22 февраля 2017 00:00

 0
Краеведение/Культура

Автор: Дмитрий ЛИТВИНОВ

Народный артист России Константин Райкин и студенты его Высшей школы сценических искусств выступили в доме культуры «Ясная Поляна».

В спектакле «Про животных и людей» перед зрителями предстали ламы, лори, черепахи, верблюды — «животные» в актёрском исполнении студентов второго курса ВШСИ. Затем их сменили смешные, трогательные и пронзительные «люди». Вторая часть студенческого представления состояла из музыкальных пародий. Зрителям продемонстрировали музыкальные наблюдения за Гариком Сукачевым, Димой Биланом, Леонидом Утесовым, группой «Король и Шут» и другими.

Сам К. Райкин представил в Ясной Поляне поэтический моноспектакль «Над балаганом — небо!». По словам артиста, это высокая поэзия, пропущенная через сердце.

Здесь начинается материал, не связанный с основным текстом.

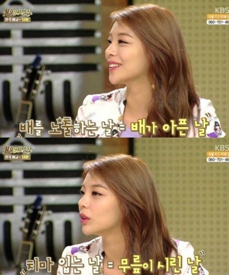 에일리는 "배를 노출하면 배가 아프고 치마를 오래 입으면 무릎이 시리다"라고 고백, 남모를 고충을 털어놨다.

После спектакля Константин Аркадьевич пообщался с тульскими журналистами.

Не служба, а служение

— Ясная Поляна — это такое место, которое само выбирает, кого ему подпитывать. Мне кажется, Ясная Поляна меня выбрала. Наверное, я это заслужил. То, как люди ходят по музею Толстого, весьма показательно, и я собираюсь внимательно наблюдать за своими учениками, которым предстоит побывать в доме великого писателя. Для меня это очень важно: ведь есть целая наука о восприятии. С одним своим курсом после такой экскурсии я поссорился. Мне не понравилось, как они её восприняли.

— Охарактеризуйте уровень подготовки студентов в ВШСИ.

— Выпускники школ и раньше в большинстве своём были тёмными, а про сегодняшних могу сказать: они только что слезли с дерева. Я не просто так говорю, поверьте, при том, что это — замечательные ребята. А институт для них — социальный, интеллектуальный и духовный лифт, и за четыре года учёбы они разительно меняются. Я заставляю их каждую неделю писать сочинения: описывать свои впечатления. Сначала они это делают косноязычно, ведь весь их лексикон состоит из мата с междометиями. Но без сочинения они не допускаются к занятиям, поэтому пишут — коряво, вымученно, а потом втягиваются, привыкают. А я добиваюсь, чтобы после окончания ВШСИ мои ученики не службой бы занимались, но — служением, что удаётся, хотя и не всем. И посещение Ясной Поляны, особого места, словно освященного пребыванием здесь гения Толстого, им полезно.

— Вы сам посещаете не только Ясную, но и Поленово…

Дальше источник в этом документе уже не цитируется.